In light of the recent layoffs at John Deere and its suppliers, how does the agriculture sector rate compared to the rest of the economy that seems to be rebounding? How long can we expect sluggish commodity prices?

Answer: 

As the layoffs suggest, a large part of agriculture, in this case the crop sector of agriculture, has seen a significant reduction in prices and incomes over the past two years. This drop in prices and incomes can mainly be linked to a surge in U.S. and world crop production. Crop supplies have built up and currently exceed crop demands. Stock levels are building and crop prices have fallen. Current projections from USDA indicate that these lower commodity prices may be around for several years to come, going through a slow but steady rebuilding process.
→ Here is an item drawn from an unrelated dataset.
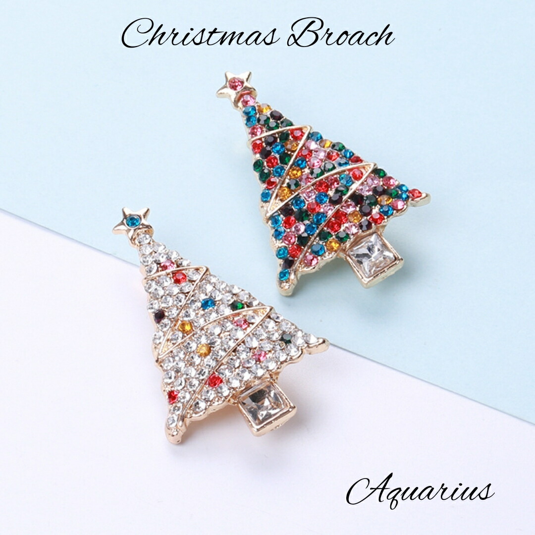 オール スワロフスキー クリスマス ツリー ブローチ 2カラー ギフトポーチ付きジュエリー アクセサリー レディースジュエリー タイプG

Those projections are based on average weather and crop production conditions going forward. Significant weather events, such as a drought or significant flooding, or unexpected surges in demand would speed that price recovery process along. Within the last few years, crop agriculture has moved counter to the rest of the economy. During the last recession, crop agriculture was strong economically as U.S. net farm income posted record highs for several years in a row. Those record returns created the incentive for crop expansion, which ultimately led to the surge in production and the reduction in crop prices. Often within agriculture, we talk about cycles, in production, in prices, etc. The events of the last few years highlight the cyclical nature of agriculture.